The report came in shortly before 1 p.m.: A child playing on a mounted cannon at Castle Island had fallen, cutting his head. Boston police Officer Patrick J. Carr and his colleagues were tasked with accompanying an ambulance across the bridge. It was 100 years ago this week.
As the vehicle traveled over what was then a wooden drawbridge, one of its wheels crashed through a plank. The ambulance lurched into a fence, tossing Carr through the windshield and into Pleasure Bay. He died at a hospital on Aug. 1, 1916, despite colleagues’ efforts to save him.
A century after his death, Boston police officials gathered with Carr’s descendants — three of whom have followed him into the force — for a wreath-laying to honor his sacrifice.
“It’s unbelievably wonderful,’’ said Mary Coyle, Carr’s granddaughter. “All of us are touched beyond words.’’
A modest memorial for Carr had been affixed several years ago to a utility pole near the spot where he died. The wooden bridge has long since been replaced by a roadway of steel and concrete, but a placard bearing his name still looks out on the expanse of water.
Police Commissioner William B. Evans noted at the ceremony that the monument is not far from the spot where his brother, Joe, was killed when Evans was a boy. It’s a place for reflection, said the commissioner, who lives nearby and often walks in the area.
“Every time you walk by here, it brings back the memory of somebody who really made the ultimate sacrifice,’’ Evans said.
Family members said Patrick Carr and his wife, Mary Ellen Burke Carr, were both recent immigrants from Galway, Ireland. He left seven children when he died, the oldest of whom was only 10 years old.

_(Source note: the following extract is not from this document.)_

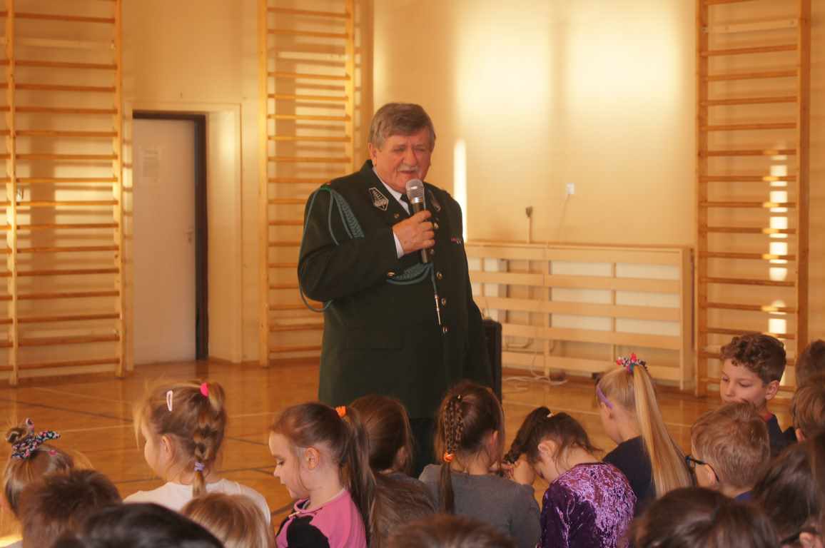 W środę, 17 stycznia, odbyło się spotkanie uczniów z łowczym, panem Wojciechem Gwoździem, który ciekawie i barwnie opowiadał dzieciom o lesie oraz zwyczajach i życiu zwierząt. Nasz gość poruszył tematy związane z łowiectwem i zadaniami kół łowieckich, uświadomił nam również, że tak naprawdę łowiectwo jest pasją, chęcią częstego obcowania z naturą, a bycie myśliwym nie polega wyłącznie na strzelaniu. To przede wszystkim obowiązek, praca i starania wielu ludzi, związane m.in. z utrzymaniem równowagi populacji zwierząt, ochroną zwierząt łowczych i ich środowiska bytowania, dokarmianiem zwierząt, budowaniem paśników, walką z kłusownictwem, pozyskiwaniem i magazynowaniem karmy.

The City Council awarded the family $300 per year, according to a Globe article at the time, but that, at less than $6 per week, was “entirely insufficient to care for the simplest needs of the family.’’

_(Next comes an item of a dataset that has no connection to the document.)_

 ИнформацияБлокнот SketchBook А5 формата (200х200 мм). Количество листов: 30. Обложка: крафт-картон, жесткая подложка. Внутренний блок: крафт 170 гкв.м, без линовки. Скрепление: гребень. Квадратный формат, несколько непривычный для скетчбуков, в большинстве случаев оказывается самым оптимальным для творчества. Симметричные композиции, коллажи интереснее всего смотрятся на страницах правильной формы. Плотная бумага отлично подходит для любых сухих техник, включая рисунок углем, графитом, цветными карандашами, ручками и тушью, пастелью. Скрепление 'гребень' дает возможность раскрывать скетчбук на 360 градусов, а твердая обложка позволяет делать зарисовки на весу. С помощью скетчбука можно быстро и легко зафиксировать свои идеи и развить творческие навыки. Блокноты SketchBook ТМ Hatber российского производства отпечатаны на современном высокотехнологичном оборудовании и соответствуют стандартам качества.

Complicating matters was the 1919 Boston Police Strike, which Coyle said disrupted Carr’s pension. For a time, she said, it was as though he never existed. Family members always kept his service in mind, however, and when the memorial went up, Coyle said, “we couldn’t believe it.’’

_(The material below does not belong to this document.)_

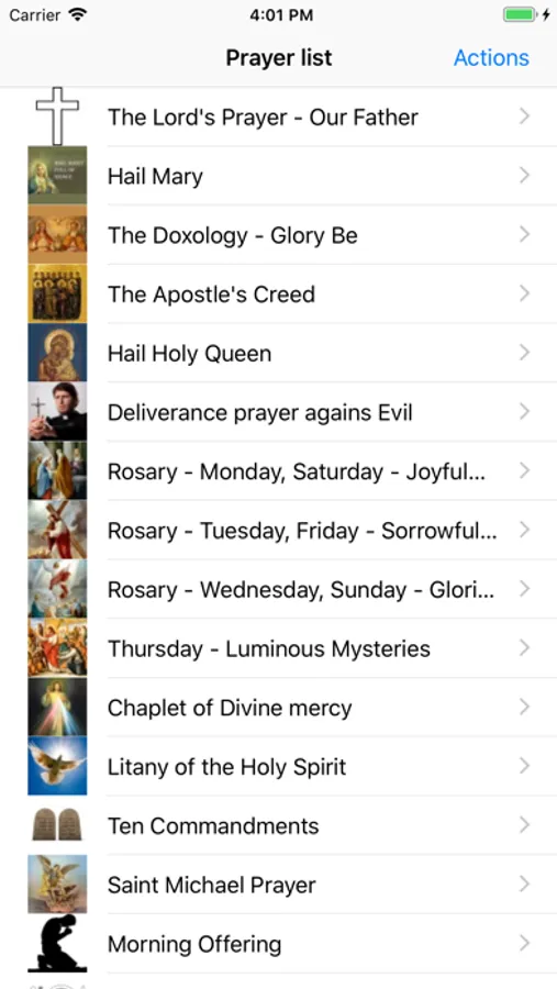 Christian prayers in English, French, Italian, Polish, Spanish, Slovak language.

Patrolman Christopher Carr, who has been on the force for seven years, is the great-grandson of Patrick Carr. He said he has passed by the monument a handful of times.
He said Patrick Carr’s story inspired him, but so did the service of other family members. His father, James Carr, is a retired detective. Another grandson of Patrick Carr, James Keegan, is a retired harbor patrol officer.
As he looked around the event Monday, Christopher Carr said he did not expect such a large event. More than a dozen family members were there and so were many law enforcement colleagues. “With the family’s history, that’s pretty much what drove me to be a police officer,’’ he said.